As other outlets have observed, Gates is joining a few other prominent figures who have advocated public caution in developing AI. Tesla CEO Elon Musk, who has continuously acted as a mouthpiece for AI concerns, recently pledged $10 million to the Future of Life Institute, to fund research grants investigating potentially negative implications.

For his part, Musk has been more outspoken and dramatic about his concern:

“[I]n the movie “Terminator,” they didn’t create A.I. to—they didn’t expect, you know some sort of “Terminator”-like outcome. It is sort of like the “Monty Python” thing: Nobody expects the Spanish inquisition. It’s just—you know, but you have to be careful.”

Like Gates, Musk has indicated that he believes in the benefits of AI, up to a certain point. In a video about his donation he said that ”the greatest benefits from AI would probably be in drudgery…or tasks that are mentally boring, not interesting.”

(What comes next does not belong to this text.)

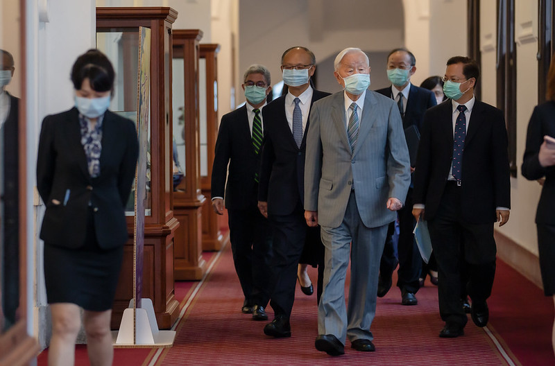 The Presidential Office held a press conference on the afternoon of November 21 following the 2020 APEC and Economic Leaders' Meeting (AELM). Accompanied by Minister without Portfolio John C. C. Deng (鄧振中), National Development Council Minister Kung Ming-hsin (龔明鑫), National Security Council Deputy Secretary-General Hsu Szu-chien (徐斯儉), and Senior Official for APEC and Ministry of Foreign Affairs' Department of International Organization Director-General Bob L.J. Chen (陳龍錦), Leader's Representative Morris Chang shared an overview of the APEC meetings, and the results achieved during the Ministerial Meetings and the AELM with the Taiwanese people, and then took questions from reporters.

Stephen Hawking has added to the clarion calls. The physicist co-wrote a piece for the Independent with Max Tegmark, the Future of Life Institute’s co-founder, and two others last year on the dangers of AI. Hawking is an obvious supporter for some uses of artificial intelligence: The Intel system that helps him speak to compensate for having Lou Gehrig’s disease uses AI, for example, to predicts his next words, as he explained in an interview with the BBC. But in that interview he also warned of the danger that artificial intelligence could overtake humans:

“The primitive forms of artificial intelligence we already have, have proved very useful. But I think the development of full artificial intelligence could spell the end of the human race. Once humans develop artificial intelligence it would take off on its own and redesign itself at an ever-increasing rate. Humans, who are limited by slow biological evolution, couldn’t compete and would be superseded.”